DATASET EXTRACT:
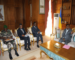 عقب أكثر من 3 أشهر من التدخل العسكري التشادي في شمال دولة مالي وبعيد النصر الباهر الذي حققه جنودنا البواسل أثناء حربهم ضد الإرهابيين والمتطرفين في جبال إيفوغاس وأضرار وكيدال، فقد إستقبل رئيس الجمهورية إدريس ديبى إتنو السيد/ كادري ديزيرى رئيس مفوضية لجنة المجموعة الاقتصادية لدول غرب إفريقيا، حيث تباحث الجانبان حول مختلف القضايا والمواضيع المتعلقة بالتدخل العسكري في مالي. السيد/ كادري شكر رئيس الجمهورية إدريس ديبى إتنو القائد الأعلى للجيش التشادي على تلبيته لنداء الأمم المتحدة والاتحاد الإفريقي لا سيما تلبيته لنداء المجموعة الاقتصادية لدول غرب إفريقيا ودولة مالي للتدخل العسكري في شمال مالي لمحاربة وطرد الجهاديين المتشددين من المناطق التي كانوا يسيطرون عليها. بعد خروجه من المقابلة السيد/ كادري ديزيرى رئيس لجنة مفوضية المجموعة الاقتصادية لدول غرب إفريقيا قال بأنه خلال المقابلة قدم باسم رؤساء وشعوب دول غرب إفريقيا التعازي الحارة لرئيس الجمهورية إدريس ديبى إتنو نتيجة إستشهاد عدد من الجنود التشاديين في شمال دولة مالي، مشيراً إلى أن تدخل تشاد في هذه القضية يعتبر تدخلاً إيجابياً لأنه ساعد في إستتباب الأمن والاستقرار في شمال مالي وجميع الدول تشجع هذا القرار الذي إتخذته الحكومة التشادية بخصوص محاربة الإرهاب. وأخيراً أكد السيد/ كادري بأنه خلال هذه الزيارة سوف يقوم بزيارة إلى مقبرة الجنود التشاديين الذين استشهدوا في مالي. والجدير بالإشارة فإن المجموعة الاقتصادية لدول غرب إفريقيا تربطها علاقات قوية مع بقية الدول الإفريقية خاصة مع تشاد وذلك في مجالات التجار ة والاقتصاد والسياسة والثقافة وغيرها من مجالات التعاون .
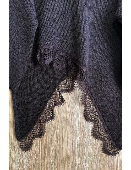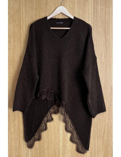 Oversized sweater with a long sleeve, V-neck, and asymmetrical lace hem. Made from soft, medium-weight wool. An original sweater inspired by the classic poncho with a unique and original twist.
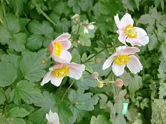 - 'September Charm', 1932. Некоторые авторы считают, что данный сорт имеет гибридное происхождение (Anemone ×hybrida 'September Charm'). Сорт создан в Англии[5]. Высота растений от 60 см до 120 см, ширина около 45 см. Цветки бледно-розовые. Кислотность почвы от 5,5 до 7,5 pH. Зоны морозостойкости 4—8[9], согласно другому источнику: 5a—8b[10].

TASK TO COMPLETE:
Before copying the data, remove the pictures. Then repeat the rest exactly.

RESPONSE:
 عقب أكثر من 3 أشهر من التدخل العسكري التشادي في شمال دولة مالي وبعيد النصر الباهر الذي حققه جنودنا البواسل أثناء حربهم ضد الإرهابيين والمتطرفين في جبال إيفوغاس وأضرار وكيدال، فقد إستقبل رئيس الجمهورية إدريس ديبى إتنو السيد/ كادري ديزيرى رئيس مفوضية لجنة المجموعة الاقتصادية لدول غرب إفريقيا، حيث تباحث الجانبان حول مختلف القضايا والمواضيع المتعلقة بالتدخل العسكري في مالي. السيد/ كادري شكر رئيس الجمهورية إدريس ديبى إتنو القائد الأعلى للجيش التشادي على تلبيته لنداء الأمم المتحدة والاتحاد الإفريقي لا سيما تلبيته لنداء المجموعة الاقتصادية لدول غرب إفريقيا ودولة مالي للتدخل العسكري في شمال مالي لمحاربة وطرد الجهاديين المتشددين من المناطق التي كانوا يسيطرون عليها. بعد خروجه من المقابلة السيد/ كادري ديزيرى رئيس لجنة مفوضية المجموعة الاقتصادية لدول غرب إفريقيا قال بأنه خلال المقابلة قدم باسم رؤساء وشعوب دول غرب إفريقيا التعازي الحارة لرئيس الجمهورية إدريس ديبى إتنو نتيجة إستشهاد عدد من الجنود التشاديين في شمال دولة مالي، مشيراً إلى أن تدخل تشاد في هذه القضية يعتبر تدخلاً إيجابياً لأنه ساعد في إستتباب الأمن والاستقرار في شمال مالي وجميع الدول تشجع هذا القرار الذي إتخذته الحكومة التشادية بخصوص محاربة الإرهاب. وأخيراً أكد السيد/ كادري بأنه خلال هذه الزيارة سوف يقوم بزيارة إلى مقبرة الجنود التشاديين الذين استشهدوا في مالي. والجدير بالإشارة فإن المجموعة الاقتصادية لدول غرب إفريقيا تربطها علاقات قوية مع بقية الدول الإفريقية خاصة مع تشاد وذلك في مجالات التجار ة والاقتصاد والسياسة والثقافة وغيرها من مجالات التعاون .
 Oversized sweater with a long sleeve, V-neck, and asymmetrical lace hem. Made from soft, medium-weight wool. An original sweater inspired by the classic poncho with a unique and original twist.
 - 'September Charm', 1932. Некоторые авторы считают, что данный сорт имеет гибридное происхождение (Anemone ×hybrida 'September Charm'). Сорт создан в Англии[5]. Высота растений от 60 см до 120 см, ширина около 45 см. Цветки бледно-розовые. Кислотность почвы от 5,5 до 7,5 pH. Зоны морозостойкости 4—8[9], согласно другому источнику: 5a—8b[10].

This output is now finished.